When you studied rotation about a fixed axis, you learned that angular velocity ω describes how fast a body is spinning and angular acceleration α describes how that spin is changing. The key insight extending this to a full rigid body is that every point in the body shares the same ω and α — that is precisely what makes it *rigid*. The body rotates as one piece; no point can spin faster than another.
Yet even though ω is the same for all points, the *linear* velocity varies dramatically with distance from the axis. A point at radius r has speed v = ωr; a point twice as far from the axis moves twice as fast. This is why the tip of a helicopter rotor blade moves near the speed of sound while its root barely moves at all. Similarly, the tangential acceleration (due to changing speed) is aₜ = αr, and the centripetal (normal) acceleration pointing toward the axis is aₙ = ω²r. These two acceleration components are perpendicular: aₜ changes the speed, aₙ changes the direction of velocity. Both grow with radius, so points far from the axis experience much larger total accelerations.
The angular quantities ω and α behave exactly like their linear counterparts v and a, just mapped to rotation. The kinematic equations for constant angular acceleration are direct analogues of the constant-acceleration linear equations: θ = θ₀ + ω₀t + ½αt² mirrors x = x₀ + v₀t + ½at², and ω² = ω₀² + 2αΔθ mirrors v² = v₀² + 2aΔx. This analogy is not coincidental — both sets of equations come from the same calculus of integration under constant derivatives.

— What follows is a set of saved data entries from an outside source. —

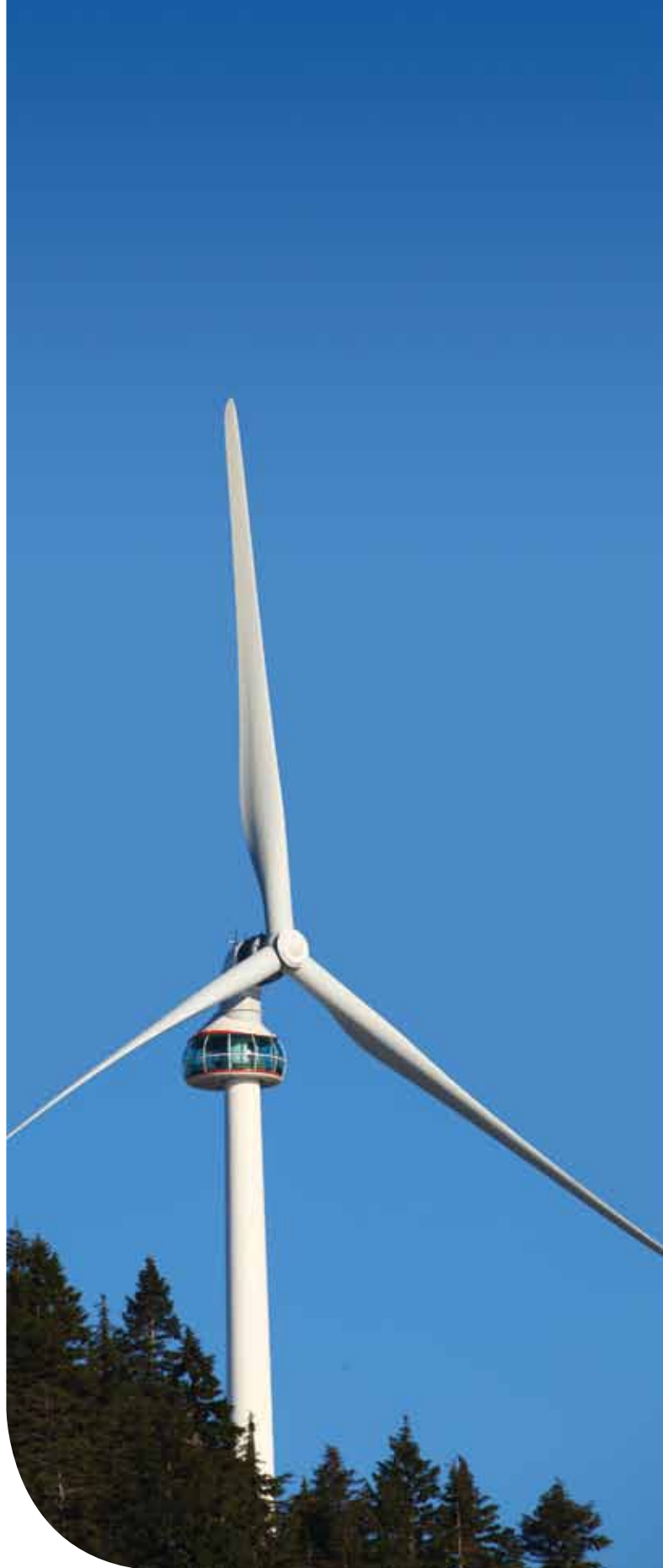
Eye of the Wind Turbine, Vancouver, BC

Installing wind doesn't just diversify BC's hydro system – it almost perfectly complements it. Demand for electricity in BC peaks during the winter, when there is strong heating and lighting load, and tapers off in the spring and summer 43 . BC gets its strongest winds in the winter months, peaking in the freezing months of December and January, just when streamflows are at their lowest. Conversely, winds blow least powerfully in the late spring and early summer when hydroelectric production is at its peak 44 . Wind energy generation will greatly reduce the drain from BC Hydro's fixed reservoir capacity during the winter and spring months, and enable existing facilities to serve a large and growing population well into the future.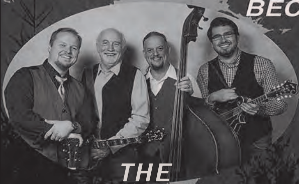
THE SPECIAL CONSENSUS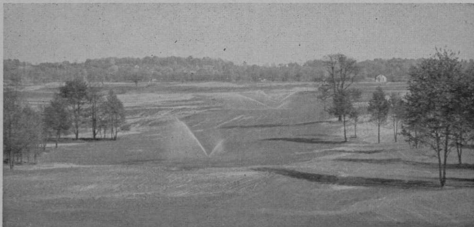
Sprinklers were put into action early and speeded development of good turf on soil that had been well prepared and seeded.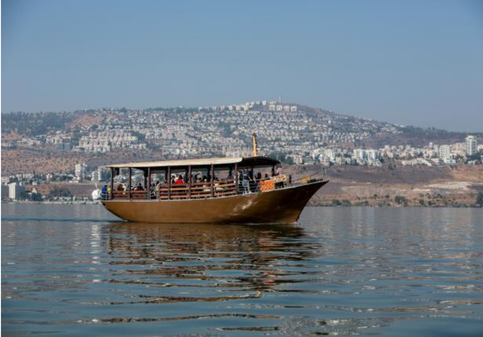
Sea of Galilee. It's here that the Bible says Yahshua preached and walked on water.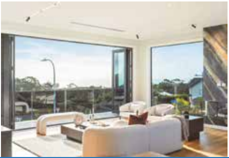
120 Maraetai School Rd Maraetai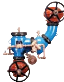
475DAV 4"-10" OSY (standard), PI or Butterfly (optional)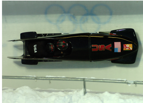
Figure 5.7 From racing cars to bobsled racers, aerodynamic shaping is crucial to achieving top speeds. Bobsleds are designed for speed. They are shaped like a bullet with tapered fins.

Athletes as well as car designers seek to reduce the drag force to lower their race times. (See Figure 5.7 ). “Aerodynamic” shaping of an automobile can reduce the drag force and so increase a car’s gas mileage.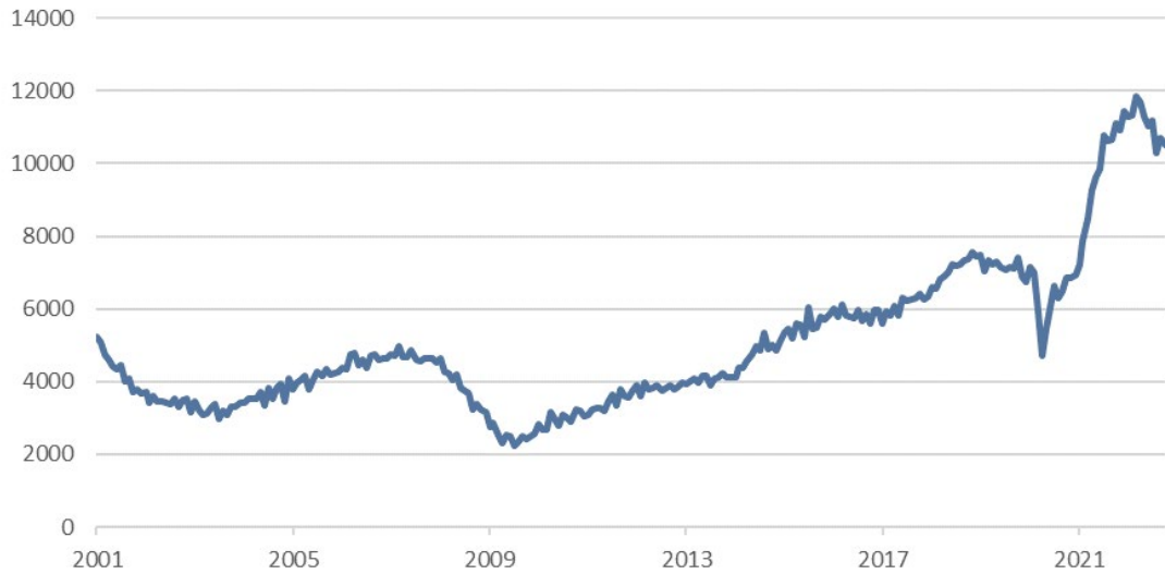
Fig. 2: Jobless Openings (thousands)

Understanding these kinematics sets up the dynamics: torque, moment of inertia, and the rotational form of Newton's second law (τ = Iα) are the rotational equivalents of force, mass, and F = ma. The relationship v = ωr also connects the translational and rotational energy of rolling objects, and it underpins how gears, pulleys, and transmissions convert between torques and speeds. Any time you need to relate linear motion of a point to the rotation of the body it belongs to, v = ωr and aₜ = αr are your starting equations.